• **Problem to work on**: In the listing below, find the line containing "Décédée à La" and the line containing "韓国産のり100%使用! 2回焼きでさらに香ばしいです。 |", then copy exactly everything from the first through the second, except the pictures.

• **Records for the task**:
[Start of section]

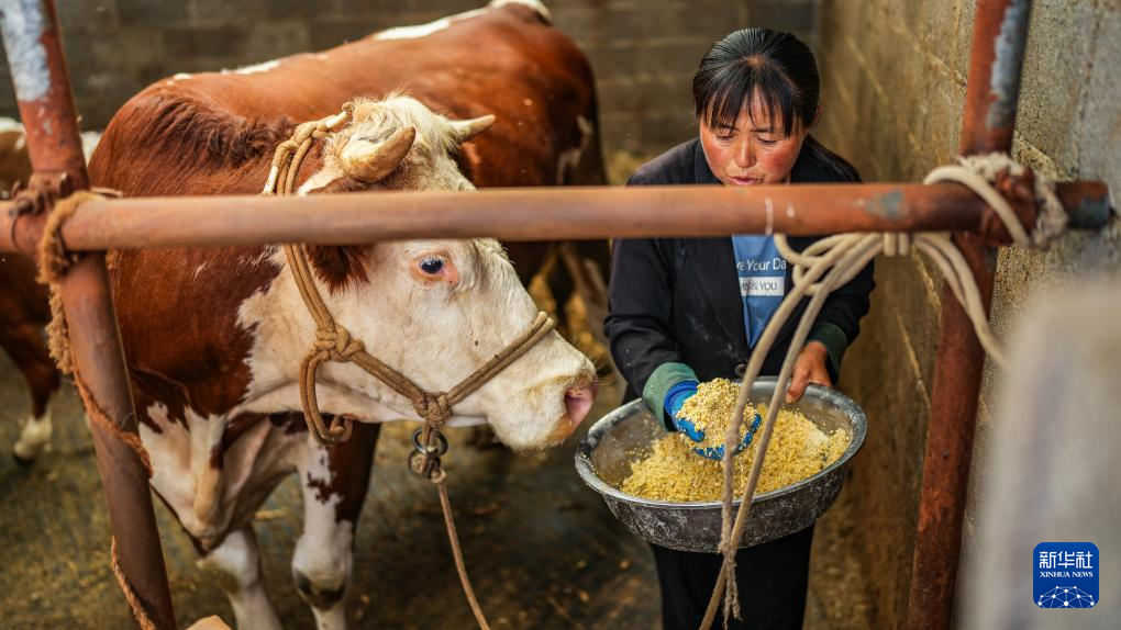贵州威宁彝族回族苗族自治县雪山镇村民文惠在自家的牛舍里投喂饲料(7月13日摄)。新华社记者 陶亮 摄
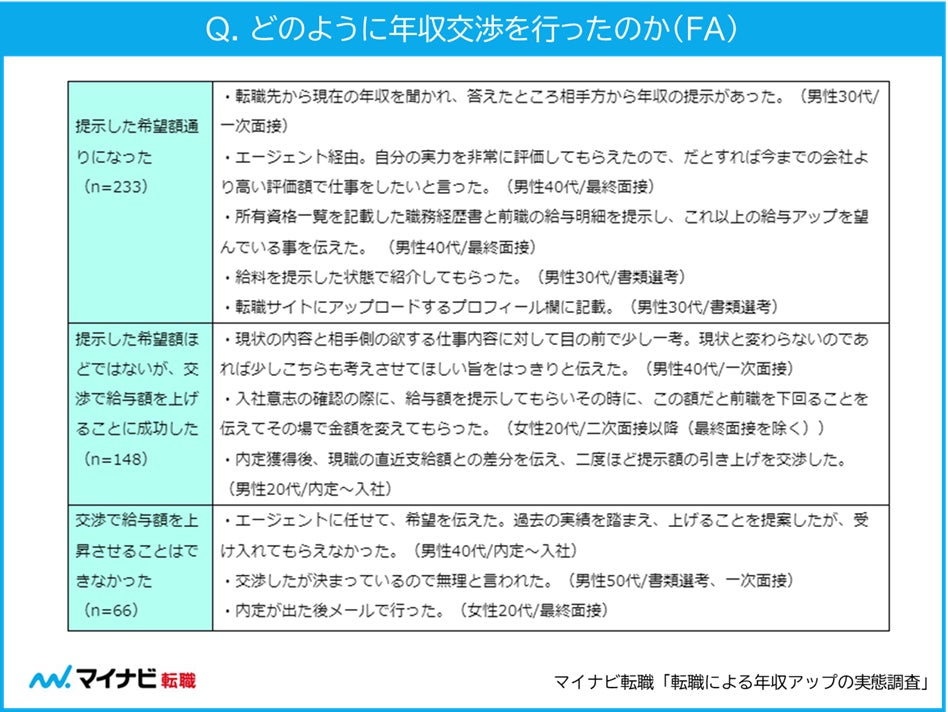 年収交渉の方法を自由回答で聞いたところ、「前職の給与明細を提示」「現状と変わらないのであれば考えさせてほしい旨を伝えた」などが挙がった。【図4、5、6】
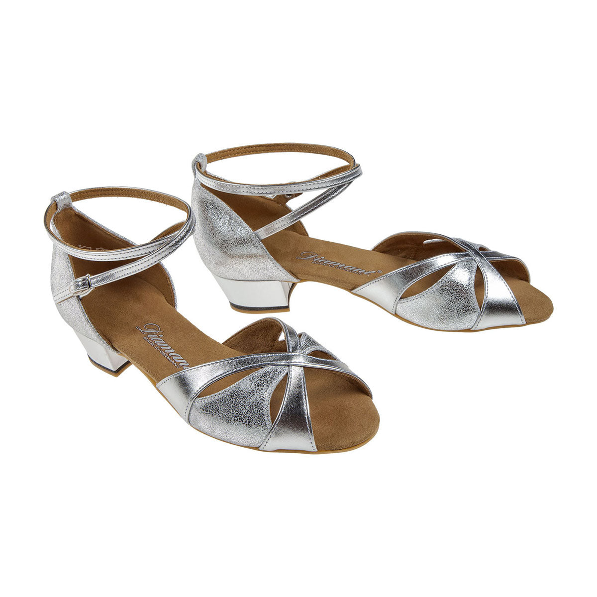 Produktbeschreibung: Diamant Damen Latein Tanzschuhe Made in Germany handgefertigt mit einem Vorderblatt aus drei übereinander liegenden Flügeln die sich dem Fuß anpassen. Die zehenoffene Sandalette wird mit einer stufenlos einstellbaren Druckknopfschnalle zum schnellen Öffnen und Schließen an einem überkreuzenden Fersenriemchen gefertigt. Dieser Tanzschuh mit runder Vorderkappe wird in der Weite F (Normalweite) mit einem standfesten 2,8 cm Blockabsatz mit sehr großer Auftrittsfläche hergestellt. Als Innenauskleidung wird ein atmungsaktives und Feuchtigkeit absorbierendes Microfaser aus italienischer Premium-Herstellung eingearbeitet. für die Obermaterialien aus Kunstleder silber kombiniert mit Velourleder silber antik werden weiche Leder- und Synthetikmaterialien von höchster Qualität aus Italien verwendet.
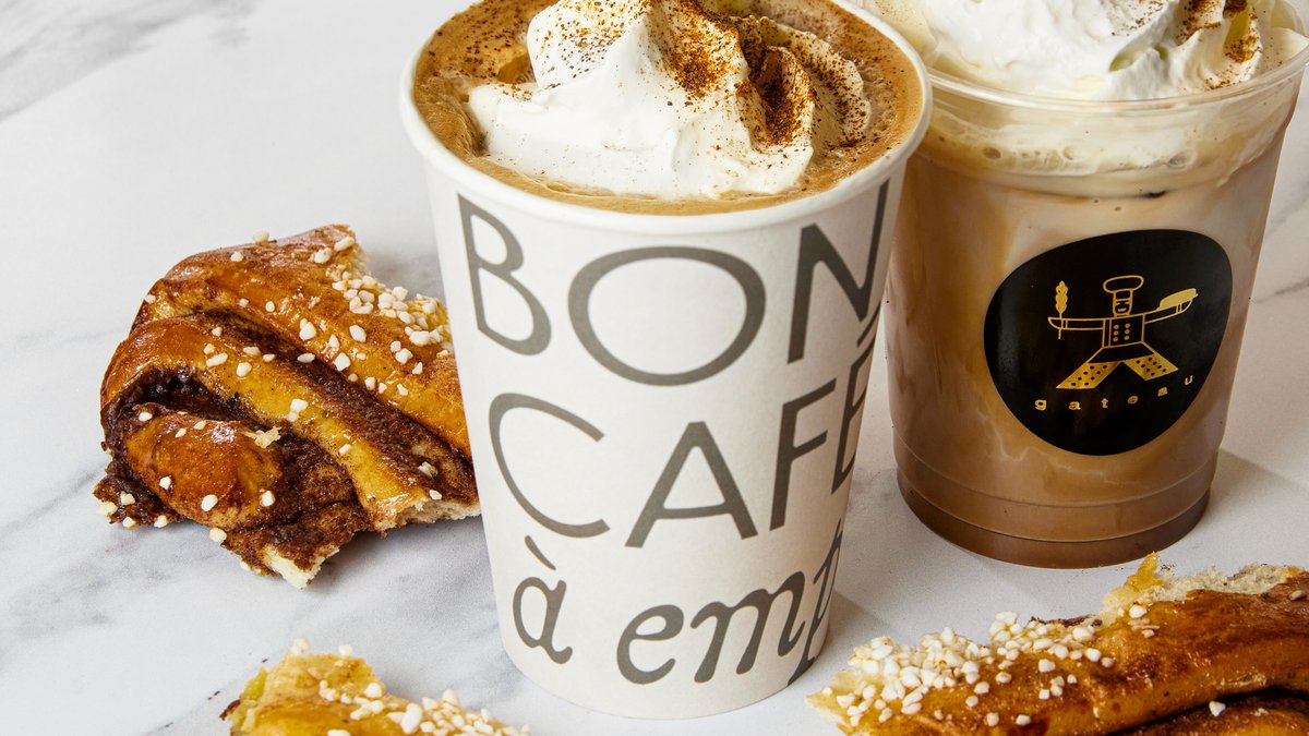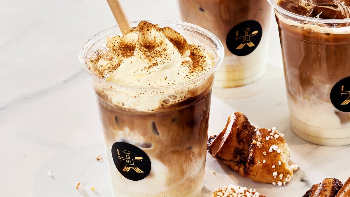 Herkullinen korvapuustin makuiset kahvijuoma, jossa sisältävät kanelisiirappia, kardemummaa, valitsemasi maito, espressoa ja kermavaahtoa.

[End of section]
[Start of section]

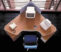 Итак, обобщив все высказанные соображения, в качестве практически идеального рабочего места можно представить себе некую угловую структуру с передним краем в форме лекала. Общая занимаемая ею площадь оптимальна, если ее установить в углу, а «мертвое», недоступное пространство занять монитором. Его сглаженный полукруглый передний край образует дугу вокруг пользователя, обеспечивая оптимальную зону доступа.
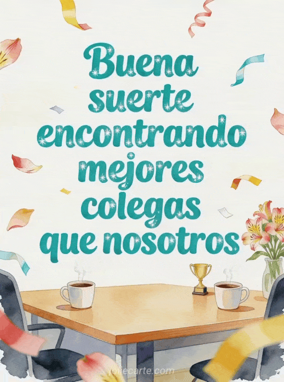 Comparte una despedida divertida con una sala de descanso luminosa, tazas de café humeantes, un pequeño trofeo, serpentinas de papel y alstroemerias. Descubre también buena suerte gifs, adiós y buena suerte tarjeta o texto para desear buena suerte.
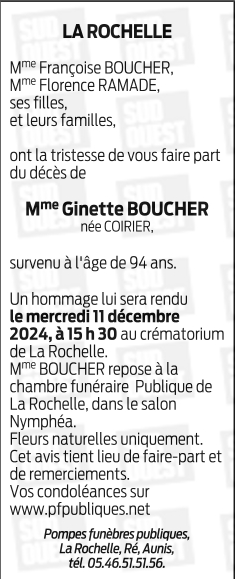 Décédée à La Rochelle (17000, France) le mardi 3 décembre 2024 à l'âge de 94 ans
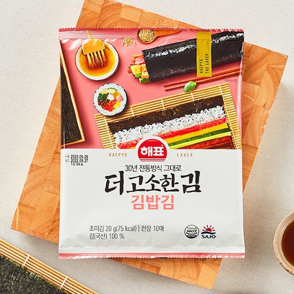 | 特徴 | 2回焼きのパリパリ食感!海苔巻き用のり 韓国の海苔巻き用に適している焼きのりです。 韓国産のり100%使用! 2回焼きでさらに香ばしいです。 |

[End of section]
[Start of section]

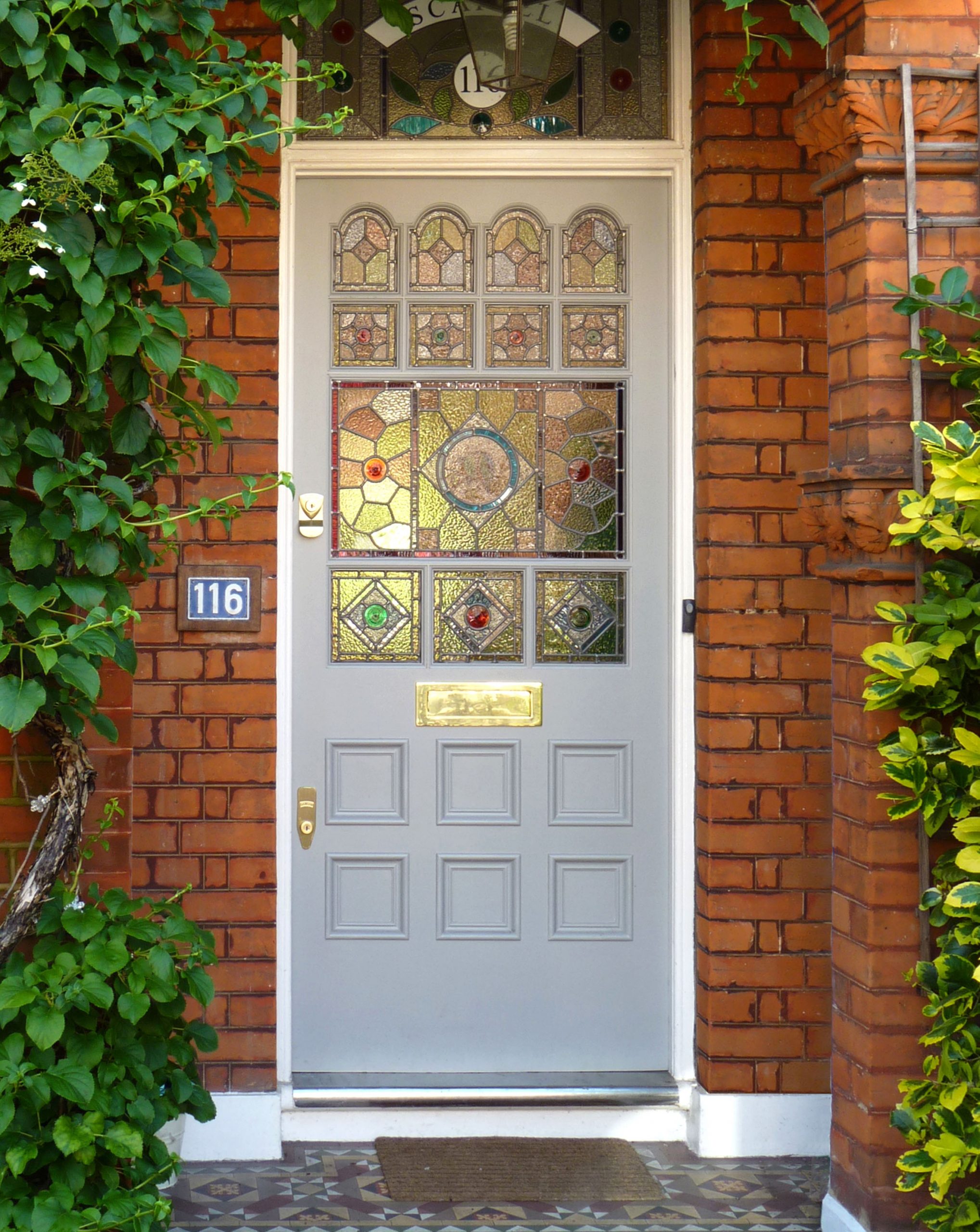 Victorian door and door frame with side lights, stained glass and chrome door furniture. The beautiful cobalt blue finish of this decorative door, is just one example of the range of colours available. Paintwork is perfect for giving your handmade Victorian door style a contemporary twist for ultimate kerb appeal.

[End of section]

• **Problem solution**:
 Décédée à La Rochelle (17000, France) le mardi 3 décembre 2024 à l'âge de 94 ans
 | 特徴 | 2回焼きのパリパリ食感!海苔巻き用のり 韓国の海苔巻き用に適している焼きのりです。 韓国産のり100%使用! 2回焼きでさらに香ばしいです。 |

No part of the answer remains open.